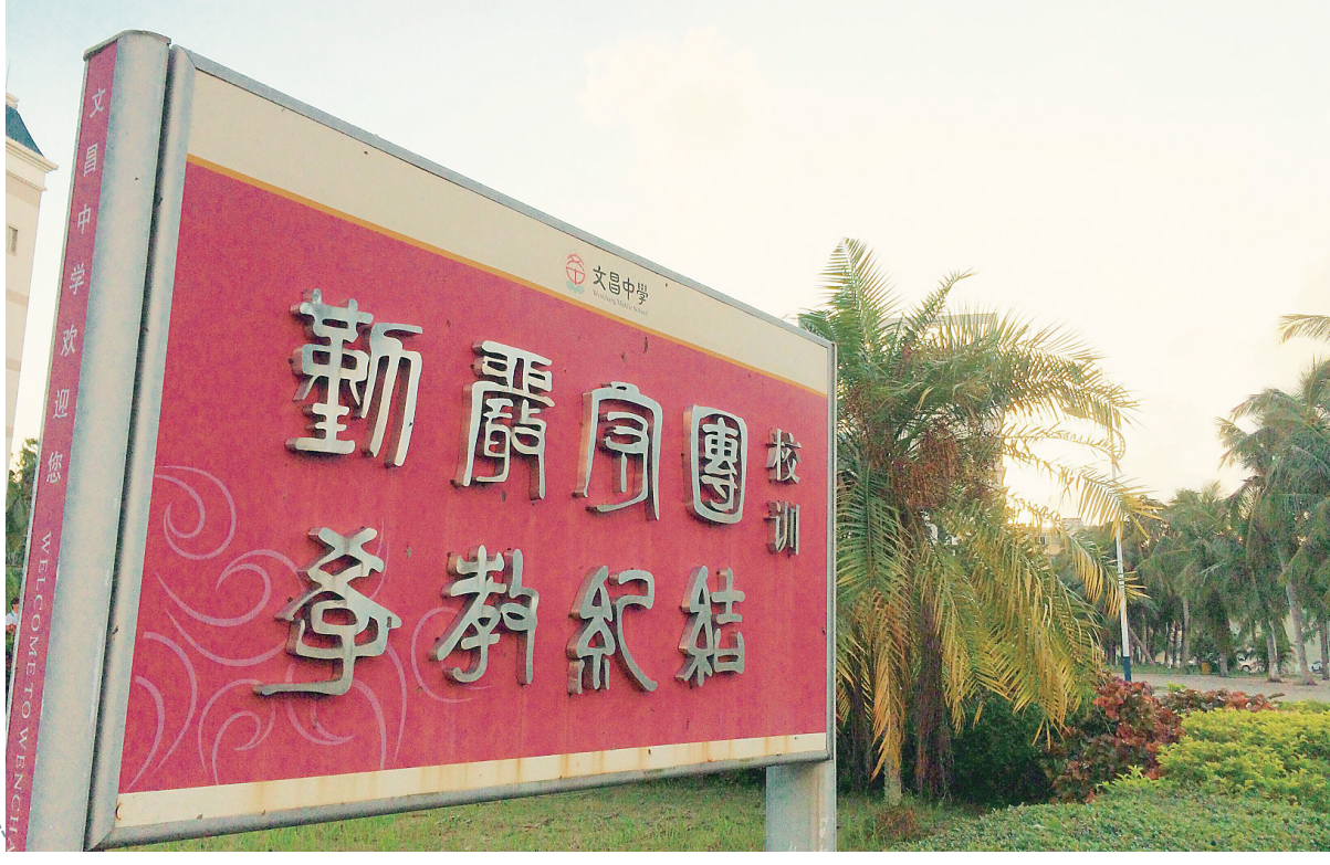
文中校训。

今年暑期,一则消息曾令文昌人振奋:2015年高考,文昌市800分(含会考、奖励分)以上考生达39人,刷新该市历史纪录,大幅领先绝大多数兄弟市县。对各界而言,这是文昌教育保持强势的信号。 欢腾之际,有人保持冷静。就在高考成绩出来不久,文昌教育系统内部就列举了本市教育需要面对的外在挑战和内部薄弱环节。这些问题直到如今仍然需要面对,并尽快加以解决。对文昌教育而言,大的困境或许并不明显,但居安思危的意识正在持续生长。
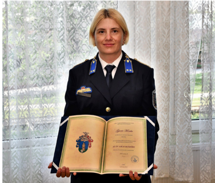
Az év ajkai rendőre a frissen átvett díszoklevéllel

* * *

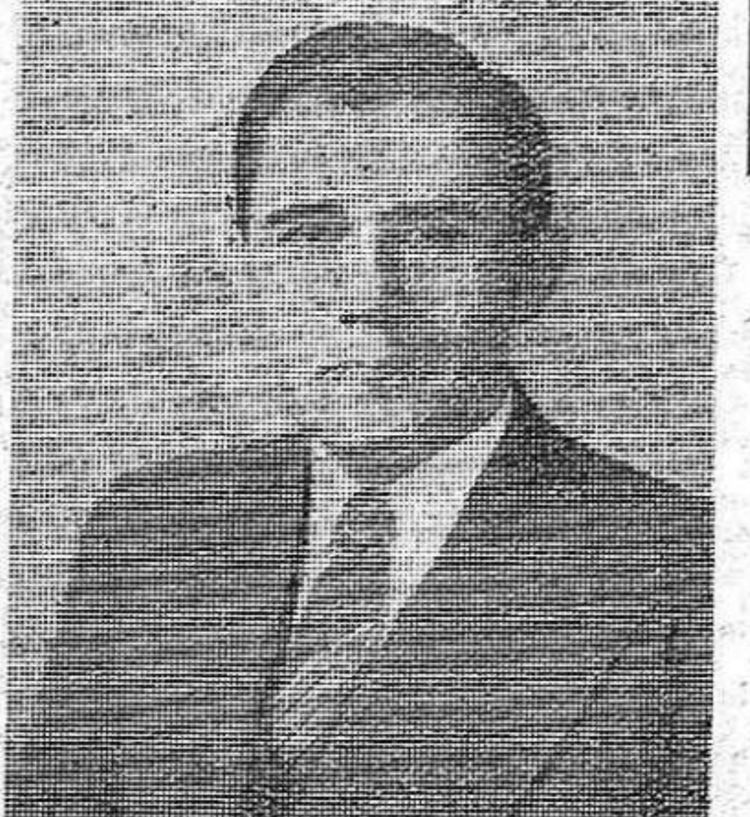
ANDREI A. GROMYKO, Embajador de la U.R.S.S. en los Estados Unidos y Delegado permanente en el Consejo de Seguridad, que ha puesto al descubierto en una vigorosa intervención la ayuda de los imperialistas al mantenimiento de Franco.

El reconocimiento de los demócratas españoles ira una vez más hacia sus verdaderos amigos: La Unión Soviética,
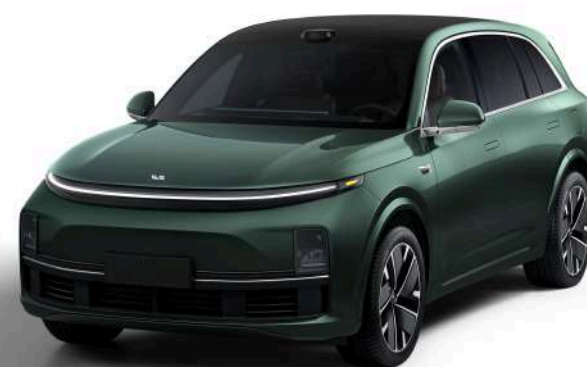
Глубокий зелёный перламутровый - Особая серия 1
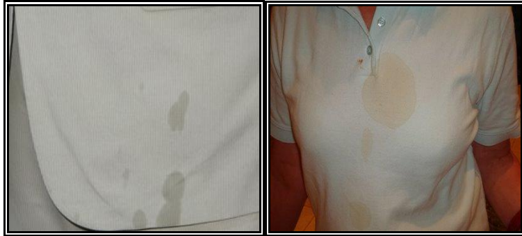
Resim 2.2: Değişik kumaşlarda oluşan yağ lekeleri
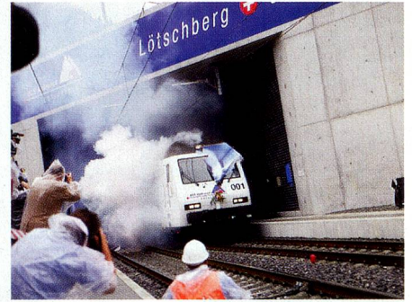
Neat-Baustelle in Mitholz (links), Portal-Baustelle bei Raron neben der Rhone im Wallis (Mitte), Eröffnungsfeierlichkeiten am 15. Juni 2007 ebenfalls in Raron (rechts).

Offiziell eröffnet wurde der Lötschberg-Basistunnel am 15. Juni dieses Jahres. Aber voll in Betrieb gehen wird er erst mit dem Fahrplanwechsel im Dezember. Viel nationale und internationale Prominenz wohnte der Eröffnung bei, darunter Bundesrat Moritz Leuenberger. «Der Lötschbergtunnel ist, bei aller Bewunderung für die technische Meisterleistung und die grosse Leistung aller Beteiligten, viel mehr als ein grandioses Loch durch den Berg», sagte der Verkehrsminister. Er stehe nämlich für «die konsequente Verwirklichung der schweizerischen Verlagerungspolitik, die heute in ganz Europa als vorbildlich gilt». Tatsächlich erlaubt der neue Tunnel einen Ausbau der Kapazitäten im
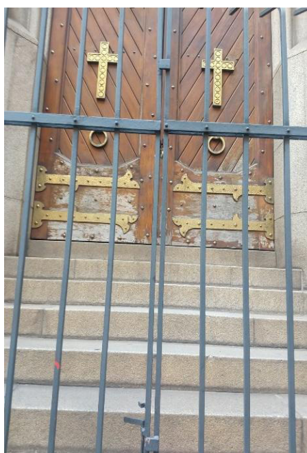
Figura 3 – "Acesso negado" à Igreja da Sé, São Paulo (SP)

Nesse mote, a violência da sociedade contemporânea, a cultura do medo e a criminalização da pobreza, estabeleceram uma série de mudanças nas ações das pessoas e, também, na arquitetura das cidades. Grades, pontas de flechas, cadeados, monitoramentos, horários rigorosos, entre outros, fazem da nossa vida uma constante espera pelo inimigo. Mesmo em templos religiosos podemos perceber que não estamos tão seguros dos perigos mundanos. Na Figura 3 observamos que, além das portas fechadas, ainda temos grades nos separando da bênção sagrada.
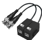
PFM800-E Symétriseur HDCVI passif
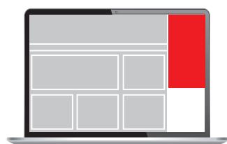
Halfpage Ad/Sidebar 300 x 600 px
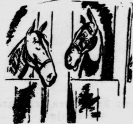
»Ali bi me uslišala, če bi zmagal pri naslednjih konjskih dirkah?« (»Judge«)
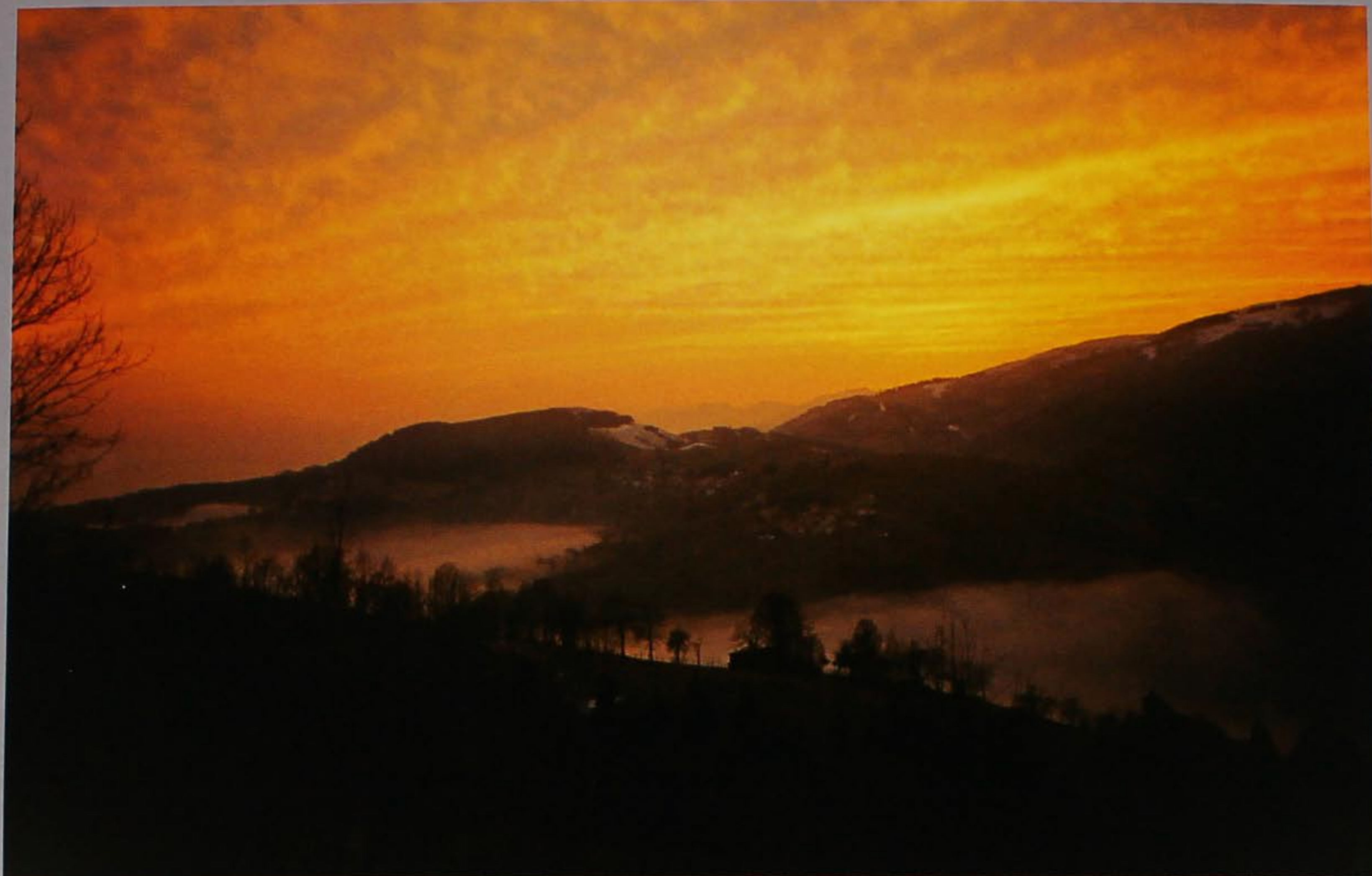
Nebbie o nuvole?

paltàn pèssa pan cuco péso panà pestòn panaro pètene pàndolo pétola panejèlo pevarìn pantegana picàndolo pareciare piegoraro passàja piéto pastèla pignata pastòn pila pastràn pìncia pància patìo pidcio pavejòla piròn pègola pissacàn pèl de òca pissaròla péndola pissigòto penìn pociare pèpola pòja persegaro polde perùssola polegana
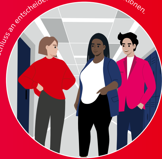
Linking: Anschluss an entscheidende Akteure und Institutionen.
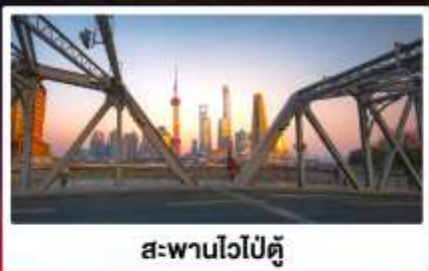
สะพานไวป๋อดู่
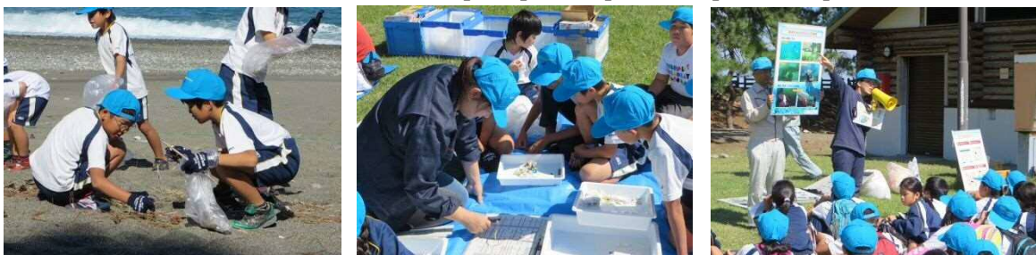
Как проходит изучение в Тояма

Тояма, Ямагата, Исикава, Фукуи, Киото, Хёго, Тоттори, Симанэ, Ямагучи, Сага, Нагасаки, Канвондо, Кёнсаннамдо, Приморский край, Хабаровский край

YOUR ASSIGNMENT:
With the pictures omitted, copy the entries above exactly from the line containing "Nesse mote, a" through the line containing "край, Хабаровский край", both lines included.

WRITTEN RESPONSE:
Nesse mote, a violência da sociedade contemporânea, a cultura do medo e a criminalização da pobreza, estabeleceram uma série de mudanças nas ações das pessoas e, também, na arquitetura das cidades. Grades, pontas de flechas, cadeados, monitoramentos, horários rigorosos, entre outros, fazem da nossa vida uma constante espera pelo inimigo. Mesmo em templos religiosos podemos perceber que não estamos tão seguros dos perigos mundanos. Na Figura 3 observamos que, além das portas fechadas, ainda temos grades nos separando da bênção sagrada.
PFM800-E Symétriseur HDCVI passif
Halfpage Ad/Sidebar 300 x 600 px
»Ali bi me uslišala, če bi zmagal pri naslednjih konjskih dirkah?« (»Judge«)
Nebbie o nuvole?

paltàn pèssa pan cuco péso panà pestòn panaro pètene pàndolo pétola panejèlo pevarìn pantegana picàndolo pareciare piegoraro passàja piéto pastèla pignata pastòn pila pastràn pìncia pància patìo pidcio pavejòla piròn pègola pissacàn pèl de òca pissaròla péndola pissigòto penìn pociare pèpola pòja persegaro polde perùssola polegana
Linking: Anschluss an entscheidende Akteure und Institutionen.
สะพานไวป๋อดู่
Как проходит изучение в Тояма

Тояма, Ямагата, Исикава, Фукуи, Киото, Хёго, Тоттори, Симанэ, Ямагучи, Сага, Нагасаки, Канвондо, Кёнсаннамдо, Приморский край, Хабаровский край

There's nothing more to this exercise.